The trigger 34 operates so as to open the air valve 94 before the fluid atomizing component 12 is opened. This avoids spitting and non-atomized fluid from being discharged through the orifice 46. This can be accomplished easily by providing a small amount of lost motion on the puller 146 until the air valve 94 opens, as described hereinabove. In the described embodiment this lost motion is realized in the distance the trigger 34 travels between first engaging the air valve stem and then engaging the shoulder 148 of the packing cartridge.
Having described an embodiment of an air spray configured spray gun 10, the same gun can be used for HVLP operation. The only changes that are required would be to select an appropriate atomizing component 12. An HVLP atomizing component will be very similar to the components described herein for the air spray configuration, but the air cap 24 and the fluid tip 26 are modified to increase the volume of air, thereby also reducing the pressure of the atomizing air and the horn air to less than 10 psi. This can be accomplished, for example, by increasing the number and size of the air holes 50, 58.
For air spray and particularly for HVLP type guns, the fluid tip 26 includes a conical tip 47 having the nozzle orifice 46 formed therein (also see FIG. 4). The cone half angle is preferably selected at thirty degrees. This angle produces optimum uniformity in the spray pattern, and reference is made to “Optimization Of A Plain Jet Atomizer”, Harari & Sher, Journal of Atomization and Sprays, vol. 7, pp. 97-113, 1997, the entire disclosure of which is fully incorporated herein by reference.
With reference to FIG. 5A, those of ordinary skill in the art will appreciate that different cone angles could be used, however. It is further preferred though not essential that the nominal outside diameter “D” of the fluid tip cone 47 at the nozzle orifice 46 be only slightly larger than the tip 47 inside diameter “Do” at the orifice 46, for example only 0.001 inches. This minimizes the size of the flat tip truncated end 47b at the orifice 46 thus significantly improving atomization. Thus, the ideal ratio of D0/D is 1. This ratio is not practical in manufacturing so D is maintained as D0+0.001, for example.
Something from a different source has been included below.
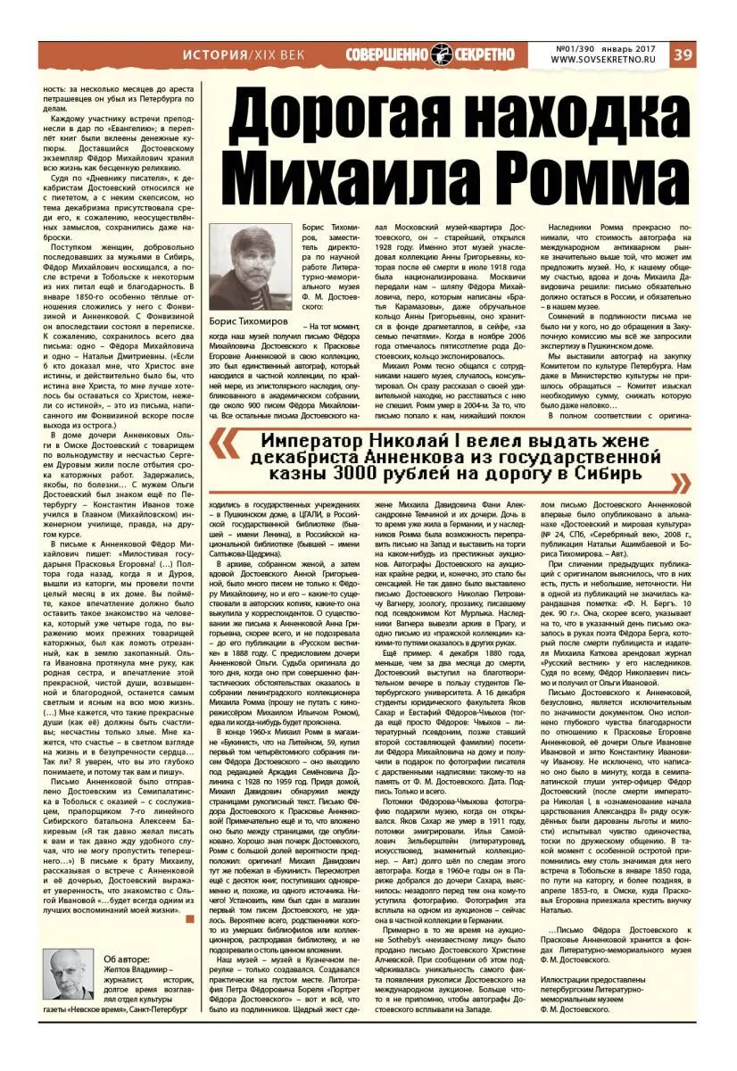 В архиве, собранном женой, а затем вдовой Достоевского Анной Григорьевной, было много писем не только к Фёдору Михайловичу, но и его – какие-то существовали в авторских копиях, какие-то она выкупила у корреспондентов. О существовании же письма к Анненковой Анна Григорьевна, скорее всего, и не подозревала – до его публикации в «Русском вестнике» в 1888 году. С предисловием дочери Анненковой Ольги. Судьба оригинала до того дня, когда оно при совершенно фантастических обстоятельствах оказалось в собрании ленинградского коллекционера Михаила Ромма (прошу не путать с кинорежиссёром Михаилом Ильичом Ромом), едва ли когда-нибудь будет прояснена.

This results in immediate impingement of the atomizing air on the fluid stream.
FIG. 5A illustrates an enlarged view of an exemplary HVLP and/or air spray fluid tip 26 and air cap 24 arrangement. FIG. 5A shows that the air jets 50 feed atomizing air around the conical tip 47 to the annulus 56. The annulus 56 is formed between the conical tip 47 end and a frusto-conical surface 56a in the air cap 24. It is preferred though not essential that the air cap 24 maintain the same thirty degree angle about the annulus 56 such that the dimension “t” noted on FIG. 5A is constant.
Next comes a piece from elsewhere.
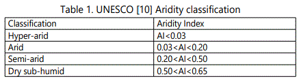 The most commonly used aridity index is however that proposed by UNESCO [10] which is based on the ratio of annual precipitation (P in cm) and potential evapotranspiration (ETp). Thus we have

The tip 47 also is designed to extend past the face plane of the air cap 24 in the region of the annulus 54 a small amount “L”, for example, 0.020 inches. With the orifice 46 positioned slightly downstream of the annulus 56 by this distance L, the atomizing air impinges on the fluid stream from the orifice 46 a distance L* where L* is located at the apex of the cone 47 if the cone were not truncated. The orifice 46 is formed in the flat face 47b of the tip 47. It is preferred to achieve a ratio L/L* of 0 if a minimum SMD (Sauter Mean Diameter) and as a result, a finer spray, is desired. A ratio of L/L*=1 is desirable for a more uniform distribution of spray droplets. This design generates better drop uniformity for smaller fluid tips, i.e. lower fluid flow rates, which atomize more easily, and minimum drop size for the larger fluid tips, i.e. higher flow rates. The ratio L/L* approaches 0 as the dimension L approaches 0; however, a minimum L is needed to prevent back pressure on the fluid stream. The ratio L/L* approaches 1 as L approaches L*.
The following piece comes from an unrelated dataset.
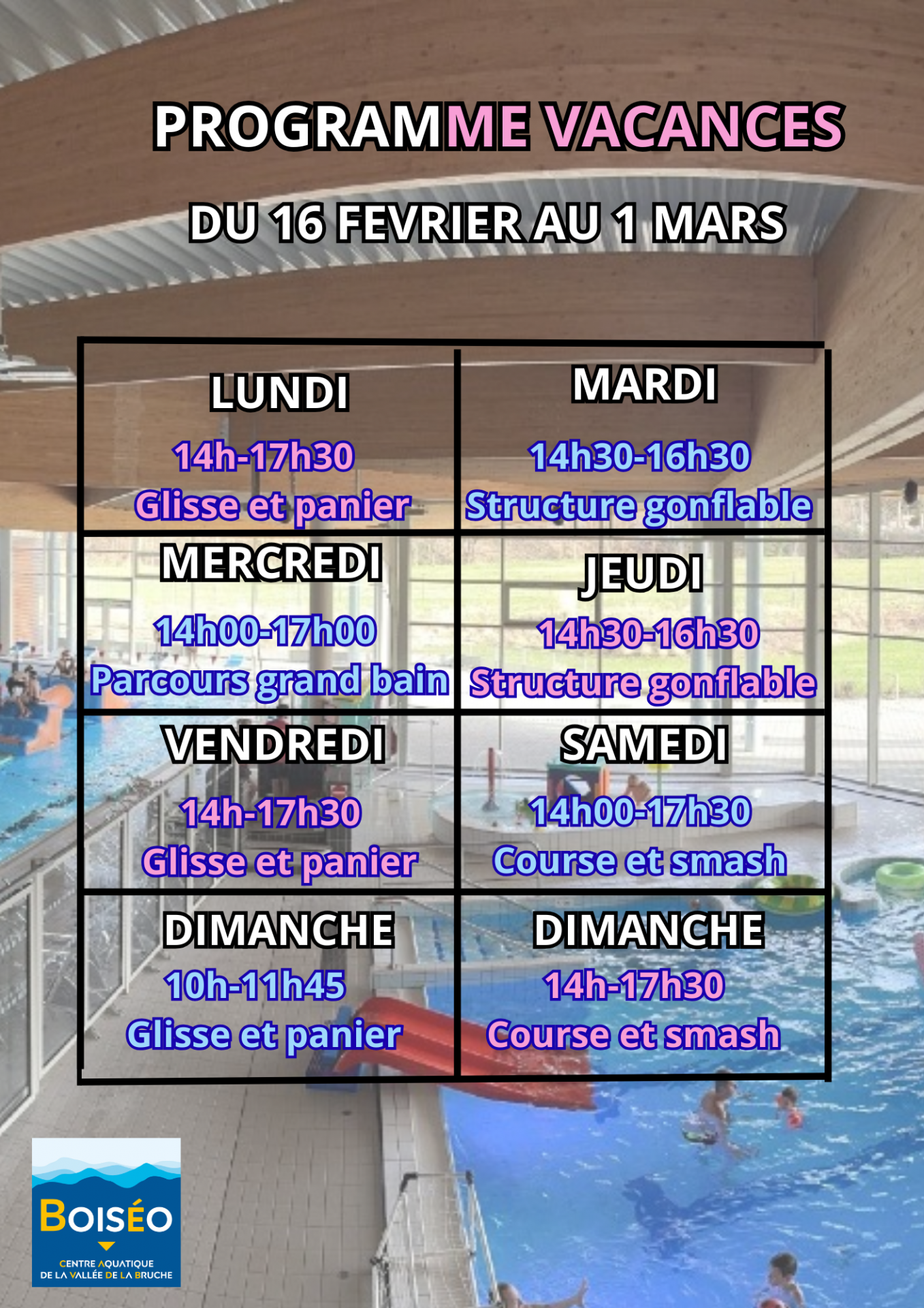 Ouvert toute l'année (vacances scolaires incluses), notre espace aquatique et ses équipements sportifs et loisirs vous accueille pour faire le plein de bonne humeur !

As noted herein with reference to FIG. 2, a modular spray gun configured to operate as an airless spray gun in accordance with the invention uses many of the same parts as are used with the air spray and HVLP guns of FIGS. 1 and 5. Specifically, an airless spray gun can use the same extension 16, the same gun body 14 and the same trigger 34 and retaining ring 28. With reference to FIG. 5, in order to configure the spray gun for airless operation, the air fitting 82 is removed or simply not installed, and a solid cover bracket 84′ is used to close the handle 36 open end. Since air is not used in an airless gun, the adjustment chambers 116, 118 are not used and therefore can be plugged using two plugs similar to the plug 122. Finally, since the airless gun operates with higher fluid pressure into the atomizing component 12, the trigger 34 is mounted to the gun body 14 using the lower mounting holes 40 (see FIG. 3). The air valve 94 assembly can either be removed or not installed as it is not used and the cap 103 used to cover the air valve chamber 92.
An airless gun uses a different atomizing component 12 design also. Since air is not used to atomize the fluid, the fluid is forced through a small orifice and atomizes as it exits the orifice. Therefore, in order to configure the spray gun as an airless gun, the fluid tip must be designed for airless spraying. The retaining ring 28 can still be used, as can the air cap 24 although for an airless gun the air cap 24 does not provide a needed function.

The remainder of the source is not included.